Every single time I make this for a party I get at LEAST two people asking for the recipe. Leftovers keep for a long time and can make the basis of great pasta sauces.
posted by EmpressCallipygos at 5:32 AM on February 14, 2009 [4 favorites]

Microwave Cup-cakes.
posted by Cat Pie Hurts at 7:09 AM on February 14, 2009

You can definitely bake in a toaster oven! I use a six-cup muffin pan, and the only problem I've ever had was when something puffed up enough to touch the heating element above it. (If that happens...you'll know pretty quickly.) Just use whatever recipe strikes your fancy and make sure to give the toaster oven 10-15 minutes time to preheat. I didn't believe that I could really use a toaster oven like a real oven until I tried it. Makes a world of difference in terms of what I eat.

For the stovetop:

Pasta sauce with garbanzos:

1 onion, chopped
1 28-oz can chopped stewed tomatoes (fresh would probably also be delicious)
2 cloves garlic, sliced
3 sprigs fresh rosemary (not optional, and totally, totally worth it)
2 cans garbanzo beans, rinsed and drained
olive oil (maybe about 1/4 cup?)
Salt and pepper to taste

Saute the onion, garlic, and rosemary in the olive oil in a large-ish frying pan (or saucepan, if that's what you have) until the onion is translucent. Fish the sprigs of rosemary out, and set two aside (let these cool for a minute or two). Add the tomatoes and one can of the garbanzos to the pan. Let that simmer for 5-10 minutes. In the meantime, remove the rosemary leaves from two of the stalks, and add the leaves to the pan.

Here's what I do, but you don't have to: blend everything in the pan in a blender (or use an immersion blender) until it's a consistency that looks tasty to you. Then add the other can of garbanzos. I've always blended, but I'm sure this would be just as good if you weren't able to do so.

Add salt and pepper to your liking. Serve over pasta. It's so much better the next day that you might consider making it ahead of time.
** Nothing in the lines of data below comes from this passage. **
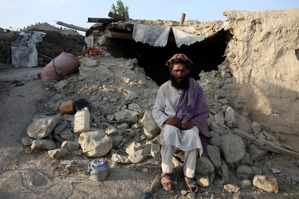 6月26日,在阿富汗霍斯特省,一名男子坐在地震震塌的房屋废墟旁。新华社发(塞夫拉赫曼·萨菲摄)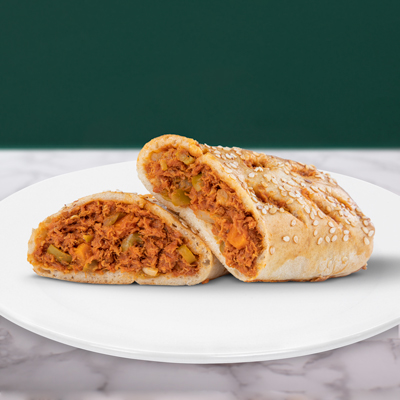 Nuestro tradicional envuelto relleno de atún guisado con una nueva receta estilo vizcaína, con aceituna, tomate y almendra fileteada.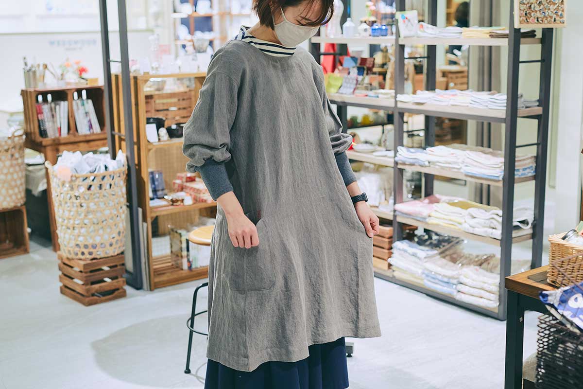 「おしゃれですね。これなら割烹着として着ていても外に出れると思う!」と堀部さん。リネン素材の落ち着いた佇まいに、袖口はフィット感のある長いリブ付き。

posted by corey flood at 7:32 AM on February 14, 2009 [1 favorite]

My mum always made delicious 'steamed' cake in the microwave for a quick dessert. There's a nice recipe with raspberries here. You can use syrup or jam, or probably other fruits, instead of the raspberries if you prefer.
posted by pocketfluff at 7:49 AM on February 14, 2009

Mark Bittman has a great column about how much stuff you can cook using a microwave.

But really, it seems like the only things you wouldn't be able to do is make big oven stuff - ie, no bread or big birds or roasts. But you should be able to cook anything else.
posted by lunasol at 8:09 AM on February 14, 2009

Cuisinart sponsors a series of videos in which chef Eric Ripert prepares pretty respectable dishes in one of their toaster ovens.
posted by letourneau at 10:33 AM on February 14, 2009

I used to cook whole chickens in my microwave and still cook cakes in there. Risottos are simple and marvellous in a microwave. I do microwave jams and fudge.
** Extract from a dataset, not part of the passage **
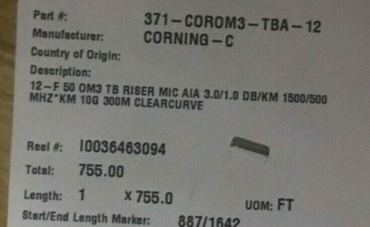 NOUVEAU VÉRITABLE Corning 371-COROM3-TBA-12 750 PIEDSNeuf Véritable CORNING 371-COROM3-TBA-12 229m

I do meatloaves in the toaster oven, bake breaded chicken and/or pork chops (this is for a family of four), and while it's cheating a bit, I buy premade cookie dough and bake half a dozen cookies at a time on many occasions for a quick snack. The larger stores in my city stock plenty of toaster-oven sized pans, muffin tins, etc.
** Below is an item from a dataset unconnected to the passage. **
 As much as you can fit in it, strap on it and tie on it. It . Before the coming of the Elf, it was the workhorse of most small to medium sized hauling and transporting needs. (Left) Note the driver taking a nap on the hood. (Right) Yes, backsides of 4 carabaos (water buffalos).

Fave of ours is meatloaf in the toaster oven accompanied by a microwave-cooked mushroom and peas risotto with a big green salad.

If you're ever going to add one more appliance, I'd make it a bread maker. Then you've got yeast breads, quick breads, jams, and baked desserts (such as fruit crisps and crumbles) covered as well. I frequently put in an herb & garlic rustic loaf in the bread maker, make homemade soup on the stovetop or in the microwave, and serve a pretty special dinner as a result.

The sites previously mentioned are all good rsourced.

Good luck!
posted by angiep at 3:31 PM on February 14, 2009

A portable induction burner is not a bad idea if you need another stovetop pan, just make sure your pans have some sort of stainless or iron in them, otherwise they won't work.